Extracted data entries:
******************************

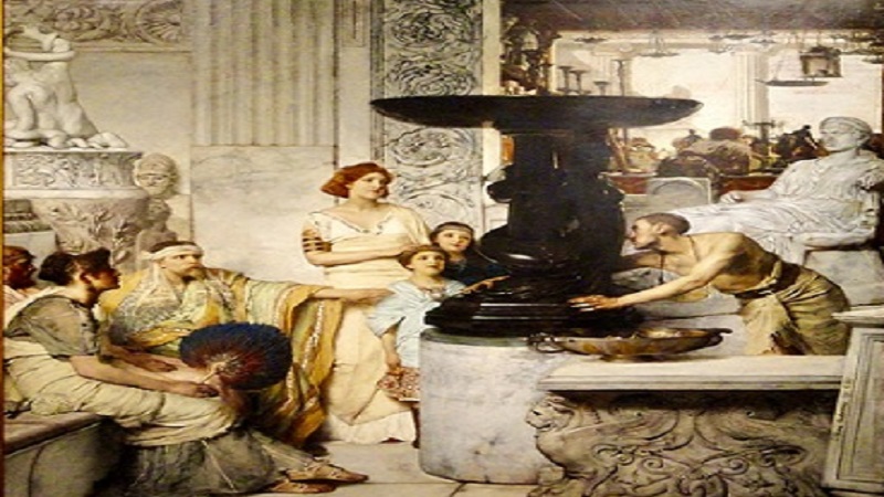 متابعات: في عام 1874 رسم الفنان الهولندي لورانس ألما تديما واحدة من أكبر أعماله بتقنية هائلة بعنوان معرض النحت وتبلغ أبعادها 223 × 174 سم. رسم فيها بيئة لمعبد روماني قديم وقام بتضمين زوجتيه فيها وطفلتيه بالإضافة إلى نفسه.
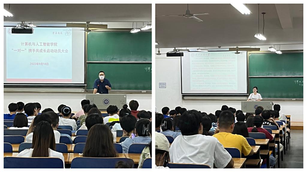 为进一步落实学校关于开展“一对一携手共成长工作”工作要求,推进常态化学生联系服务工作,调动学生党员、学生干部参与重点工作、服务身边同学的积极性、主动性,为同学办实事,办好事、解难事。9月18日班会晚点名时间,男同 在3号教学楼召开了“一对一”携手共成长启动动员大会。各年级分批次、分时段有序开展,学院党委副书记向涛、各年级辅导员及全体学生参会。
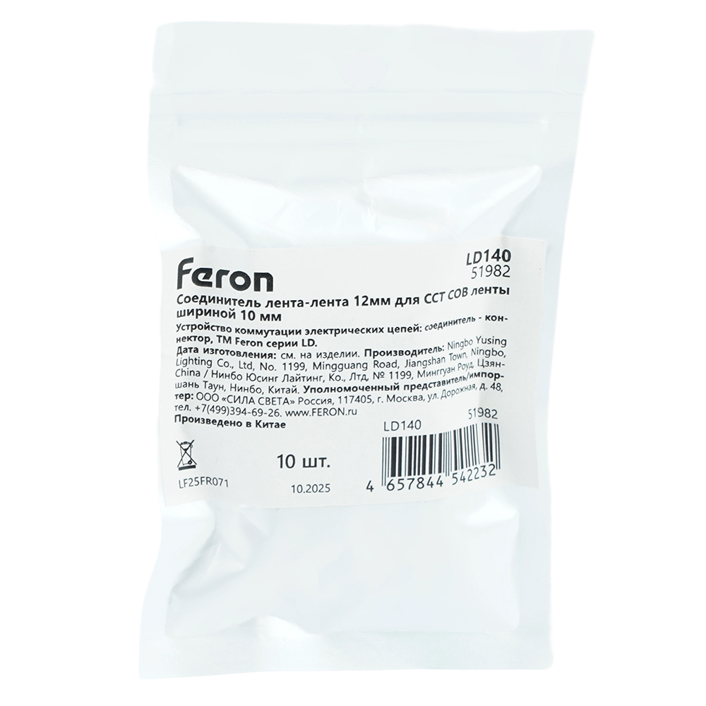 Соединитель лента-лента 10мм для CCT COB ленты шириной 8 мм, LD140 FERON
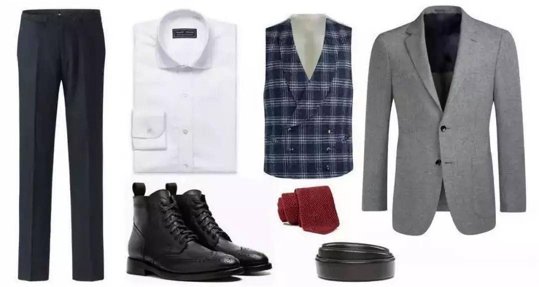 建议搭配:衬衫、马甲、领带、西装外套、西裤、布洛克花纹靴。 混搭的比较潮,不是每个男生都能够驾驭的,最好有一定的身高穿起来会比较时尚,格子马甲让沉闷的黑白灰拥有了更多的动感,让偏正式的风格具有时尚的韵味。
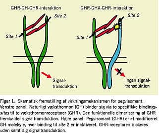 Væksthormonreceptorantagonisten pegvisomant er resultatet af en enkelt forskergruppes undersøgelse af alternative regioner på væksthormonmolekylet af potentiel betydning for dets binding til receptoren [5]. På daværende tidspunkt var et sådant område identificeret, men den eksakte interaktion mellem hormon og receptor var ukendt. Interessen samlede sig om den tredje af molekylets fire α -helices, som var påvist at have en svag vækstfremmende aktivitet. Når denne helix projiceres todimensionalt, danner aminosyrerne en ring, hvor de hydrofile og hydrofobe aminosyrer udgør hver sin adskilte halvdel, en såkaldt amfifil orientering. Tre aminosyrer er imidlertid »fejlplacerede«. Forskerne arbejdede ud fra hypotesen om, at en dannelse af en perfekt amfifil α -helix ville resultere i en væksthormonanalog med øget biologisk aktivitet. Et mutant væksthormongen, som kodede for de relevante aminosyresubstitutioner blev fremstillet og efterfølgende udtrykt i en transgen mus. Musen viste sig imidlertid at blive en fænotypisk dværg med lave cirkulerende IGF-I-niveauer. Ydermere hæmmede det mutante væksthormon binding og biologisk effekt af nativt væksthormon in vitro. Efterfølgende studier viste, at blot en af de tre aminosyrer (glycin-120) var kritisk for denne effekt, og at substitution af glycin-120 med enhver anden aminosyre end alanin ændrede molekylet til en væksthormonantagonist. Forskerne tog straks patent på opdagelsen, men den videnskabelige anerkendelse lod vente på sig. Anerkendelsen kom, da en anden forskergruppe viste, at et væksthormonmolekyle binder sig til to væksthormonreceptorer [6], og at det ene af væksthormons to bindingssteder (site 2) netop er området omkring glycin-120 (Figur 1 ). I sin kommercielle form (pegvisomant) er molekylet yderligere modificeret med aminosyresubstitutioner ved bindings-site 1 og konjugering af polyethylenglycolmolekyler (pegylering) for at forlænge halveringstiden.
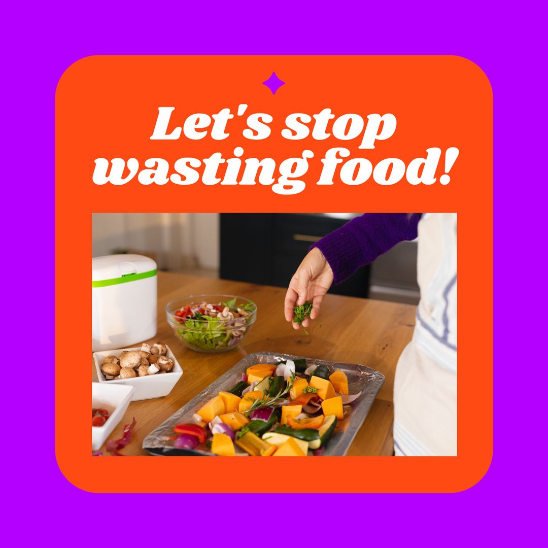 Caucasian woman chopping fresh vegetables in kitchen while message encourages reducing food waste. Useful for environmentally focused campaigns and sustainable living content.
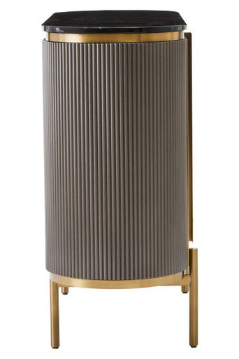 A dark marble top crowns the design, offering a sophisticated surface for vases, bowls, and statement lighting. The black, wood-effect body features elegant fluting that catches the light, while gold-tone borders and legs complete the modern profile.

******************************

§ WHAT THE EXERCISE ASKS
All lines between the one that contains "Caucasian woman chopping" and the end of the records above, both included, are to be returned exactly as they stand, except for pictures, which are omitted.

§ RESULT FOR THIS EXERCISE
 Caucasian woman chopping fresh vegetables in kitchen while message encourages reducing food waste. Useful for environmentally focused campaigns and sustainable living content.
 A dark marble top crowns the design, offering a sophisticated surface for vases, bowls, and statement lighting. The black, wood-effect body features elegant fluting that catches the light, while gold-tone borders and legs complete the modern profile.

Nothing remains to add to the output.